Internet buddy and friend of the blog efgoldman expressed some surprise over my love of Saturday’s “Killing in the Name” cover, which reminded me that I’d written an entire piece for the Dallas Morning News about people being surprised by this side of me, which led me to look for it, which led me to remember that the DMN website is now so entirely changed that my old pieces are really irretrievable. So I decided: What the heck! I’ll re-key it (type it allll out again), and call that a post! And that’s what I did. BEHOLD. (Just please don’t hold me responsible for the headline).

Chris Cornell/Audioslave. God, they put on a good show. Holy jebus.

THIS 40-YEAR-OLD WOULD RATHER BE A ROCKER THAN BE IN ONE.
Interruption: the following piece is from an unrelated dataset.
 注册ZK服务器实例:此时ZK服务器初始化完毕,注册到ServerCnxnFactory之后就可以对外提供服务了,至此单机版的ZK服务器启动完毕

(c) Dallas Morning News; August 14, 2005

Here’s a list of concerts I’ve attended, or will attend, this summer: Oasis, Jet, Robert Plant, Cake, Green Day, U2. Earlier this year, I saw the Donnas, Franz Ferdinand, the Hives, the Von Bondies. I’d go to shows twice a week, if I could, but once you add baby-sitting costs to the price of tickets….

I’m 40.

To clarify: I’m 40, I have two kids (one in diapers), I carry a mortgage and a car loan, I worry about property tax increases, and more often than not, I’ve got a pacifier in my pocket.

At what point does it become pathetic to love rock n’ roll?
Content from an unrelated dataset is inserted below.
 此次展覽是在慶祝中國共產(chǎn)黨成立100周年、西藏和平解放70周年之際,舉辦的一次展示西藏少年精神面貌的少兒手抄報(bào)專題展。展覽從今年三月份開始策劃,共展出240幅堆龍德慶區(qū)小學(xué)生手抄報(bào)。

This is the question that’s dogged me most singularly since turning 40 last September (my husband, five years my junior, likes to remind me that I’m actually must closer to 41). When people ask me how I feel about having achieved middle age, I usually say the only thing that really bothers me is losing social relevance.

But what I mean is: At what point does it become pathetic to love rock n’ roll?

I am absolutely no less fanatical, passionate and obsessive about music than I was at 17. Indeed, as I’ve gotten older, my tastes have gotten louder, so that I never actually listen to James Taylor anymore, preferring the likes of Jet and Audioslave. And when I go to these concerts — at which most of the other 40-year-olds seem to be chaperoning preteens — I don’t just hum along! No, no, I apparently feel the need to lose all sense of propriety and dance, dance, dance my little heart away. I shudder to think what might happen the first time one of my children sees me.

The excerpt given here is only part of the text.